Give again exactly the lines that run from the start of the records to the line holding "常に連携しやすい・やや連携し", both ends counted. Do not include the pictures.

**Stored dataset items:**
================
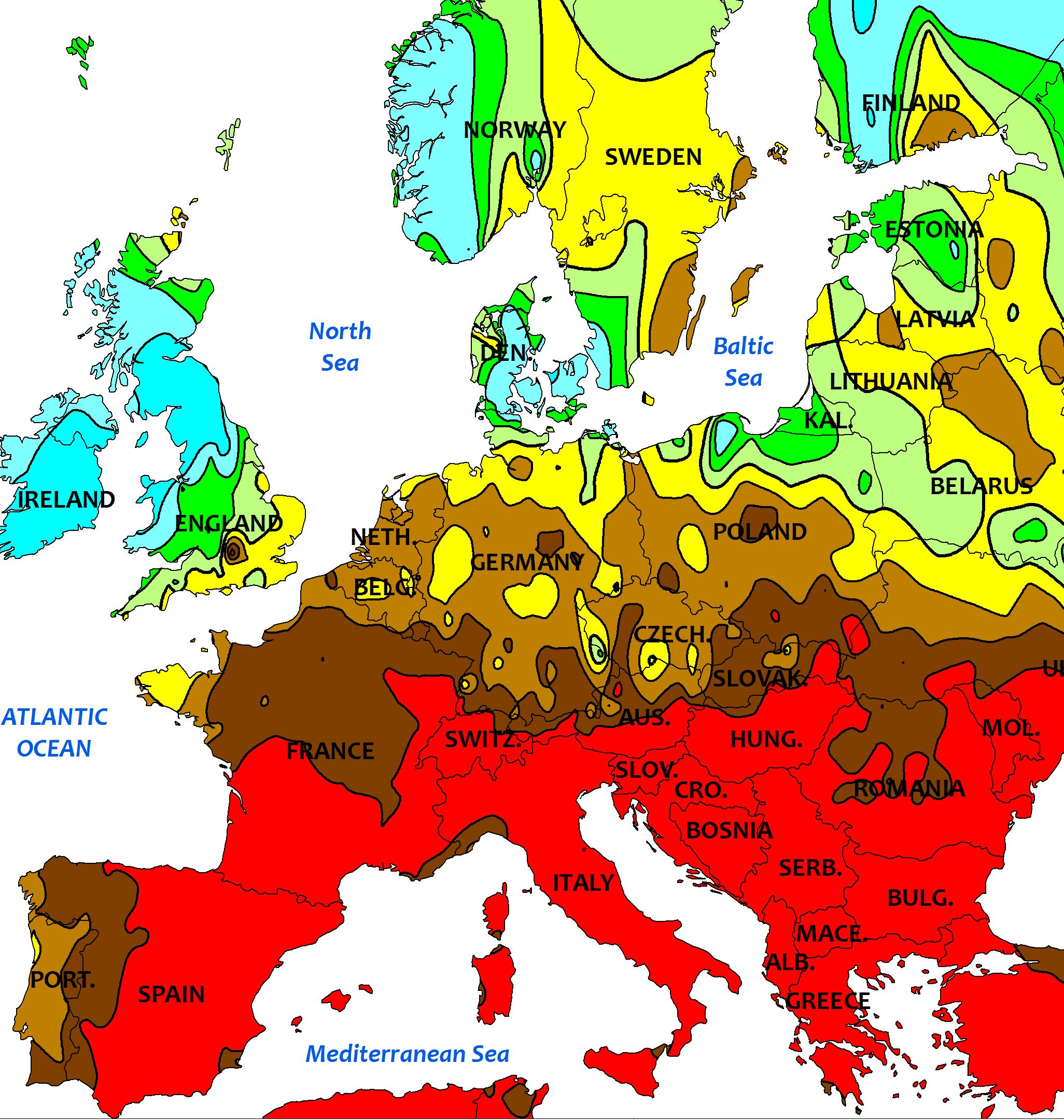 Écart aux normales des températures et précipitations pour l'Europe occidentale.
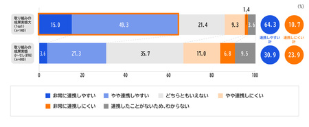 常に連携しやすい・やや連携しやすい」と回答し、成果実感が低い企業は30.9%にとどまった。
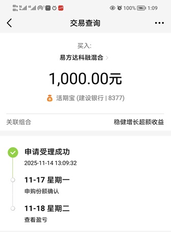 2.新兴科技:我今天继续加仓$易方达科融混合(OTCFUND|006533)$1000元。它聚焦科技成长赛道,重点布局了电子、通信、电力设备等,通过行业分散与个股精选构建投资组合,深耕科技成长,业绩突出。基金经理刘健维自2020年6月任职以来,累计回报达到294.77%,平均年化收益26.96%,远超同期上证指数的沪深300等宽基指数的涨幅,显示出其卓越的管理能力。本基金近2年大涨156.35%,近6月涨102.40%,近3月涨33.53%,各时间周期都处于同类型产品的头部,表现非常优秀。另外本基金控制回方面同样优秀,A股进入十月以来出现了较为明显的回撤,本基金近1年最大回撤仅有15.59%,波动率28.8%,夏普比率为3.40,也优于99%的同类基金,确实是能打能抗的稀缺产品。难怪本基金深受机构投资者的喜欢,持仓比例超过50%。今天A股集体小幅回调,我认为是良性休整,中长期震荡上行的慢牛格局没变,科技仍是主线,本基金正好布局大科技,正是低吸加仓的好时机,我果断加仓它。下面我晒一下买入操作记录:
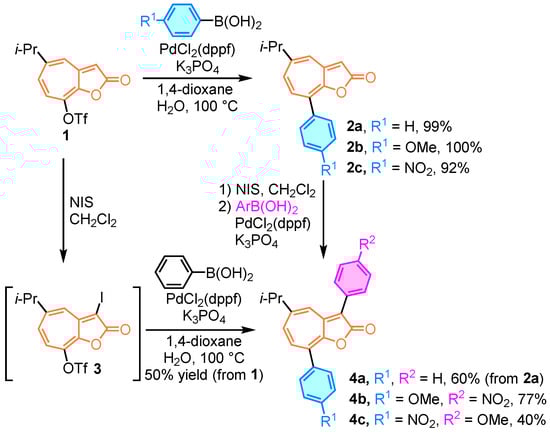 In this study, we have successfully prepared and characterized a series of 3,8-diaryl-2H-cyclohepta[b]furan-2-ones 4a–4c using a one-pot procedure involving sequential iodation and Suzuki–Miyaura coupling.
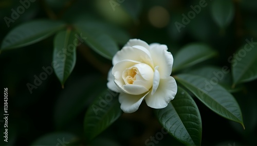 Fototapeta premium A pristine white camellia, delicately blooming amidst lush, dark green...
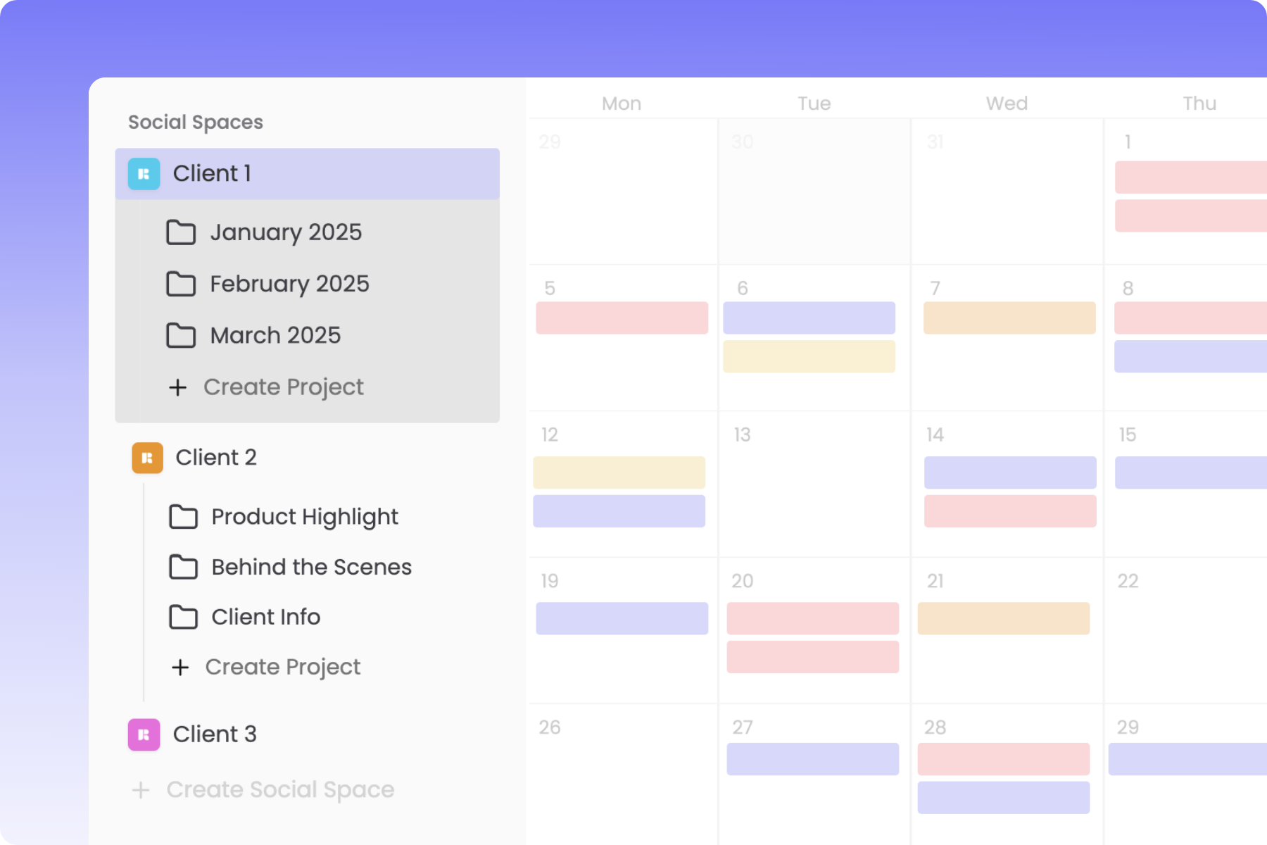 When managing batches of content, it’s essential to keep everything organized. With Projects on Rella, you can group posts into folders within a Social Space, allowing you to filter content and stay on top of your workflow. Whether you're handling content for multiple clients, overseeing campaigns, or streamlining content pillars, Projects make it easy to manage everything in one place. The flexibility of Projects ensures that your team can create a workflow that matches your specific needs.
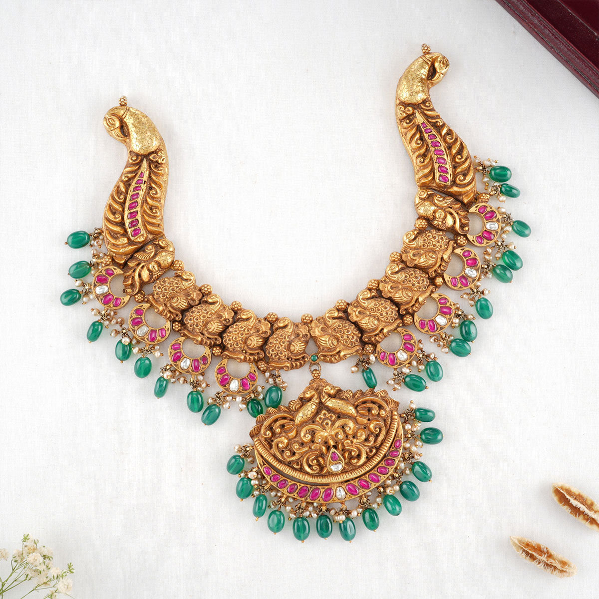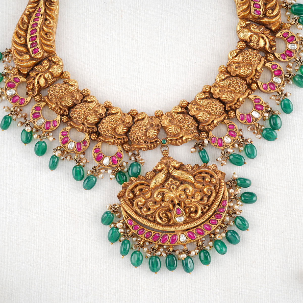 Handcrafted pure 92.5 silver gold plated deep nagas jewellery. This is a fusion of deep nagas and Kundan's work. It takes about 100 days to make this one-of-a-kind masterpiece. We are proud to say that we are the first brand in India to launch this collection.
================
**Answer to this exercise:**
 Écart aux normales des températures et précipitations pour l'Europe occidentale.
 常に連携しやすい・やや連携しやすい」と回答し、成果実感が低い企業は30.9%にとどまった。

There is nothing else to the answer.